I should emphasise that all of this is done well (and further listens underline that). It merely doesn't get surprising. At this point, I was mostly impressed at how solid the musicianship was, given that it was mostly the work of one man. I hoped, as the album ran on, that it would depart a little from the standard genre template and I can happily say that it does, if not particularly often. It gets better in time not because of anything particularly innovative but because it's just performed so well and in a way that takes us deeper into the songs with each listen.

The most ambitious song is clearly Despair of the Brave. The other ten songs on offer all run between four and six minutes, but this one's a long blink shy of ten. It doesn't mix things up much but it does add a dramatic spoken section in the middle and there's a particularly nice transition right after it. It isn't the imaginative epic I hoped it might be, but it's engaging and lively and it never drags, even at this length.

It's worth mentioning that the album never drags either, even though it's a generous hour in length. I think that's more to do with the sound being consistently upbeat than any innovative songwriting, but a second listen showed that these songs are deeper than I thought initially. There's a lot of to and fro between Rey and Fallico, epitomised by the midsection of Enemy, as if to underline that there are two musicians here: one on keyboards and one on everything else.

In particular, the band really know how to grab our attention and they do that rather a lot and often in deceptively simple ways that don't stand out at the time but turn out to be really clever. I enjoyed the opener, Flying Dreams, but it didn't wow me until the keyboards, guitar and voice merge in a glorious crescendo and I grinned at how simple but highly effective that was.

The standout track for me is Rage, which has a fantastic intro and some real attitude. Everyone seems to be performing harder and with more edge and it works on every level. It's fair to say that I wanted more of this across the other songs but the band didn't want to deliver that elsewhere. Enemy does it early but then calms down to allow Coletti's voice to take the lead.
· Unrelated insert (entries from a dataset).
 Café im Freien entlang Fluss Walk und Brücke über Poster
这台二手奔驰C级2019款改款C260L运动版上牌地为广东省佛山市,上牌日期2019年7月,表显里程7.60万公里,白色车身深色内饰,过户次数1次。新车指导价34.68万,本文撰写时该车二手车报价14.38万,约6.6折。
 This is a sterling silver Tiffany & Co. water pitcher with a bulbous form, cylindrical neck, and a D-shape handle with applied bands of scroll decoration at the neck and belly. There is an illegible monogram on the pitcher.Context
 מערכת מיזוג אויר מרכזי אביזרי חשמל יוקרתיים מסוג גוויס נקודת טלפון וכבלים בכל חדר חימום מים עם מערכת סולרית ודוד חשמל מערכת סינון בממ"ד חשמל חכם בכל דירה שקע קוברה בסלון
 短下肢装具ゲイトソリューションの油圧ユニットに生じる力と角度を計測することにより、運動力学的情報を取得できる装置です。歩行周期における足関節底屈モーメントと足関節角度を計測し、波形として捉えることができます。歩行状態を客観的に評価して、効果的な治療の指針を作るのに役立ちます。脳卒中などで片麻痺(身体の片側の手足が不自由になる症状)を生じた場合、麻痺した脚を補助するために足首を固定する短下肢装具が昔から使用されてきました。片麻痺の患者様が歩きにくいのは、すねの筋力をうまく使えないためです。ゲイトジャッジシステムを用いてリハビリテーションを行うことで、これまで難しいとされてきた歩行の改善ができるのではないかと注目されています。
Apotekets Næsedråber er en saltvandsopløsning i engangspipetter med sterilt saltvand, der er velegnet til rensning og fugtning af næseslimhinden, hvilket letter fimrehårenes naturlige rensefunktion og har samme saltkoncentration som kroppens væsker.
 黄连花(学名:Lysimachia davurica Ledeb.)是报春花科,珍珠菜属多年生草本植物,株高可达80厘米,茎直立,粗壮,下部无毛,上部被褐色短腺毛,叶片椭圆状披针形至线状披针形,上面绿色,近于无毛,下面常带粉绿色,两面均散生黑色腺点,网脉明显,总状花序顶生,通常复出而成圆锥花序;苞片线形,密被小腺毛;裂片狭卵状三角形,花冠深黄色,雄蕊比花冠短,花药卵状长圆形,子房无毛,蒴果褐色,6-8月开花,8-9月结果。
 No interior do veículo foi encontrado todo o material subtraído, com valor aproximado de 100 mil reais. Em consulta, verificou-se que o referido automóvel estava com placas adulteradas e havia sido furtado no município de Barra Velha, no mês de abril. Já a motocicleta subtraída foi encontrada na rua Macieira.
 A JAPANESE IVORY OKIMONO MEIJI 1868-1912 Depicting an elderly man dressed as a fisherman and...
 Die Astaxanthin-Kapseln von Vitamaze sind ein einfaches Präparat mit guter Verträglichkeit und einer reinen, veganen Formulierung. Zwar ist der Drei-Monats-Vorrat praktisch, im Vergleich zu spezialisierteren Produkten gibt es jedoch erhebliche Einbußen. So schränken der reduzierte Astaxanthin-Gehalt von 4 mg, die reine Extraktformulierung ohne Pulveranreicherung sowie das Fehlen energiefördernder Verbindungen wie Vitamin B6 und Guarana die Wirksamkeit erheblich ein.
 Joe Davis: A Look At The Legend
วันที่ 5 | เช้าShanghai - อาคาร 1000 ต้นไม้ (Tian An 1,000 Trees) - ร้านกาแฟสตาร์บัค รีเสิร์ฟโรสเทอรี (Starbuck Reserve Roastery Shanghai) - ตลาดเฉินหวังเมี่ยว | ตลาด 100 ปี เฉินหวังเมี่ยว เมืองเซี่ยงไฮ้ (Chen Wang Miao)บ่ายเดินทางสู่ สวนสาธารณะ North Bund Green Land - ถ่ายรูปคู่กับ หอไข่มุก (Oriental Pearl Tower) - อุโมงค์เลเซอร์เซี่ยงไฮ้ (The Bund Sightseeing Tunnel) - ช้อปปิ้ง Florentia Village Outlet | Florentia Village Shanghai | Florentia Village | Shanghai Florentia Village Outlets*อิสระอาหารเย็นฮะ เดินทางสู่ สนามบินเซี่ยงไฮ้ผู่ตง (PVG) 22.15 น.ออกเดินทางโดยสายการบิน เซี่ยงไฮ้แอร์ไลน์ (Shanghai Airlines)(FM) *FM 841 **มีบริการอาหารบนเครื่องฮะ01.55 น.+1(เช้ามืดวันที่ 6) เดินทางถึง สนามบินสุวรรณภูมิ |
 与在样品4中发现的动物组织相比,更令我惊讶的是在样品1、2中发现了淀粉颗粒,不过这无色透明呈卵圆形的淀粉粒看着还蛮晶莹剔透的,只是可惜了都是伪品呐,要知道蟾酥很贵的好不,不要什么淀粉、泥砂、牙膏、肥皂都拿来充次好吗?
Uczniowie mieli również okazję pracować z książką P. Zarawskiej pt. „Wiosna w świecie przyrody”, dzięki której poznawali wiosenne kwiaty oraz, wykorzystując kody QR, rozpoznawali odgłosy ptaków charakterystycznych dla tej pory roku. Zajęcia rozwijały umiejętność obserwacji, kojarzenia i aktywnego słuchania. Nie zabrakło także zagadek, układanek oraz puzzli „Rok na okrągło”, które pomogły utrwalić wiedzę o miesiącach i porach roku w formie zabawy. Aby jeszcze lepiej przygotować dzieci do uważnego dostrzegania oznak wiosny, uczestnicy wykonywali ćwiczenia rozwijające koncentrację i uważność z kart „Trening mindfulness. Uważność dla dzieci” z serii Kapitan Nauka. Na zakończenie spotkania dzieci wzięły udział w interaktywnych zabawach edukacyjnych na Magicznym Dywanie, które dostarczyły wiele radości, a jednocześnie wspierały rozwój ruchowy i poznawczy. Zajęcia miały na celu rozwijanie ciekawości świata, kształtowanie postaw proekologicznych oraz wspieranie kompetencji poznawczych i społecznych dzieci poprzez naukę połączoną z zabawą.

This one highlights her rock voice as well as anything else here, except perhaps parts of Monster or especially the end of Lights Out, as she sustains a long note with a heck of a lot of power.

Oddly right after the angrier Rage is the exact opposite: Forgive Us is the power ballad on the album. I'm discovering that I like power ballads less and less as the years go by but this one succeeded by not annoying me and that's becoming a real compliment from me. I kinda liked this power ballad and that was my biggest surprise here. It's a really good song.

Well, there was one other surprise, beyond how much songs like Misery and Eternal Prisoner build on a second listen, and that's the closer. I liked the old timey radio bit to kick off Bye Bye Bye, which is another upbeat song that pulls back to let Coletti's voice in. The surprise is that it sounds so utterly like a pop cover that I looked it up and was shocked to find that it's an *NSYNC song. I really wasn't expecting that.

In summary, this is another grower. I've been reviewing a few of those lately, albums that I enjoyed on a first listen but enjoyed a lot more on a second. Now I need to hear someone play Rage as the second half of a double play with Memoira's Snowglobe to set it up. That would be a great radio pairing. And so, I think, would Snowglobe and Forgive Us.